The Architecture Lineage

Single-Chain Prediction (AlphaFold 2 and Successors)

AlphaFold 2 (Jumper et al., 2021) combined three ideas:

  • Multiple sequence alignment (MSA) input. Evolutionary covariation across homologs encodes structural constraints. AlphaFold 2 reads the MSA as a feature, not as input text.
  • Triangle-attention. Geometric self-consistency over pairwise residue features, iterated 48 times.
  • End-to-end differentiable structure module. A direct geometric prediction of backbone frames and side-chain rotamers, trained with structural and auxiliary losses.

The system was open-sourced shortly after publication. RoseTTAFold (Baek et al., 2021) shipped from the Baker lab in parallel with a different “three-track” architecture and was equally consequential because it established that AlphaFold 2’s accuracy was not architecture-locked.

MSA-Free Prediction (ESMFold and OmegaFold)

For orphan proteins (no homologs), de novo designs (no evolutionary signal), or speed-critical workflows, MSA generation is the bottleneck.
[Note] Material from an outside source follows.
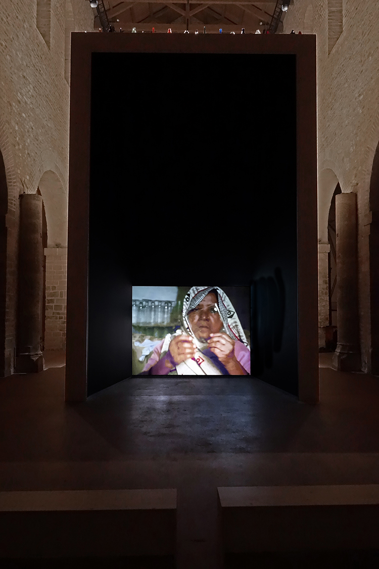 Film en projection à l’intérieur du socle, écran de projection : 300x400cm

Two responses emerged:

  • ESMFold (Lin et al., 2023). Meta’s ESM-2, a 15-billion-parameter protein language model, predicts structure from sequence alone. Accuracy is below AlphaFold 2 on average but orders of magnitude faster when MSAs are weak or expensive.
  • OmegaFold (Wu et al., 2022, preprint). Single-sequence prediction with comparable goals, useful particularly for designed proteins.

The practical rule: if your sequence has a deep MSA, prefer AlphaFold 2 or RoseTTAFold; if it doesn’t, ESMFold or OmegaFold may be the only honest option.
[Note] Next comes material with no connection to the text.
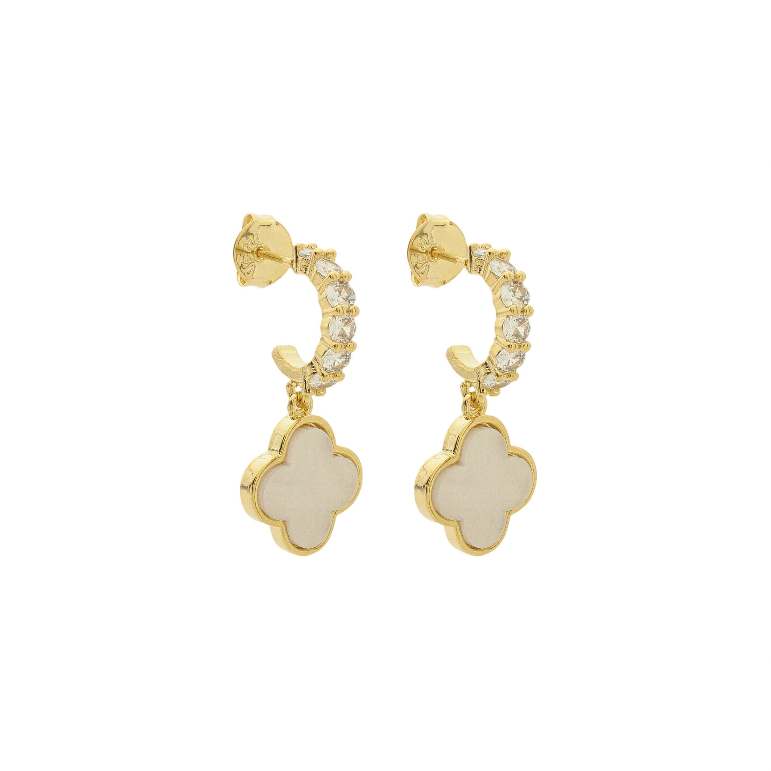 Argola Trevo Madreperola com Zircônias no Banho de Ouro 18k

Complex and Interaction Prediction

  • AlphaFold-Multimer (Evans et al., 2021) extended AlphaFold 2 to multi-chain protein complexes, introducing the ipTM (interface predicted TM-score) metric for interface confidence.
  • AlphaFold 3 (Abramson et al., 2024) replaced the deterministic structure module with a diffusion-based generative head and extended the chemical scope to nucleic acids, ions, modified residues, and arbitrary small-molecule ligands.
  • Boltz-1 (Wohlwend et al., 2024, preprint) and Chai-1 (Chai Discovery et al., 2024, preprint) reproduced AlphaFold 3-class capabilities with permissive open-source licenses.
  • Boltz-2 (Passaro et al., 2025, preprint) added binding-affinity prediction alongside structure for the same chemistry.
Why “AlphaFold 3-class” Matters Operationally

For a research program that needs on-premise inference, batch screening across millions of candidates, or commercial-use rights, AlphaFold 3’s restricted release is a blocker. Boltz and Chai are not “AlphaFold 3 alternatives” in a marketing sense: they are the actually-usable instances of the capability for most production settings. Read the licenses before scoping a project.
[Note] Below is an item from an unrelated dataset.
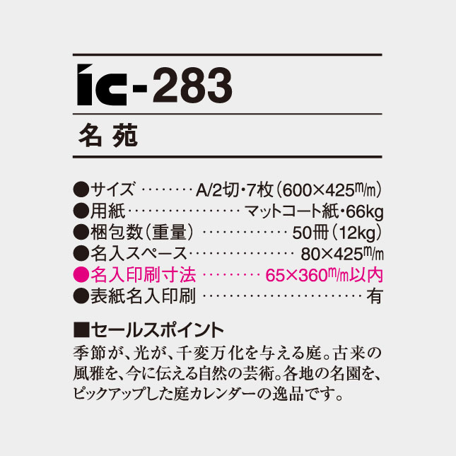 名 苑 IC-283 の特徴

Reading Confidence Metrics

A confident-looking AlphaFold cartoon is not evidence. The confidence outputs are.

pLDDT (predicted Local Distance Difference Test)

A per-residue score, 0 to 100, predicting how well the local atomic environment matches what an experimental structure would show. The DeepMind-recommended bands are:

Band Interpretation Practical Use
> 90 Very high Side-chain placement usable for docking, mutagenesis design
70-90 Confident Backbone reliable; side chains often correct; treat ligand interactions cautiously
50-70 Low Likely the correct fold; do not trust local details
< 50 Very low Often intrinsically disordered; treat as “no structural prediction”

Disordered regions are a feature of biology, not a model failure. AlphaFold’s low-pLDDT regions correlate strongly with experimentally determined disorder (Akdel et al., Nat Struct Mol Biol 2022: verify before citing in publication-bound work; this paper is widely referenced in the structure community for systematic AlphaFold 2 evaluation).

PAE (Predicted Aligned Error)

A matrix giving expected error in residue j when the structure is aligned on residue i. The PAE matrix encodes domain structure and inter-domain confidence:

  • Block-diagonal low-PAE regions: Confident domains
  • Off-block-diagonal low-PAE regions: Confident relative orientation between domains
  • Off-block-diagonal high-PAE regions: Domain orientations are essentially unconstrained: the prediction is not a single global geometry, it is one plausible arrangement

The most common AlphaFold misinterpretation is treating a high-pLDDT multi-domain prediction as a confident full-length structure when the PAE matrix says inter-domain orientation is undetermined.

ipTM (Interface predicted TM-score): Complexes Only

For multi-chain predictions:

  • ipTM > 0.8: Interface likely correct
  • ipTM 0.6-0.8: Interface plausible, treat geometry as a hypothesis
  • ipTM < 0.6: Do not commit experimental design to this complex prediction

Combine with pTM (overall) and chain-pair ipTM when available.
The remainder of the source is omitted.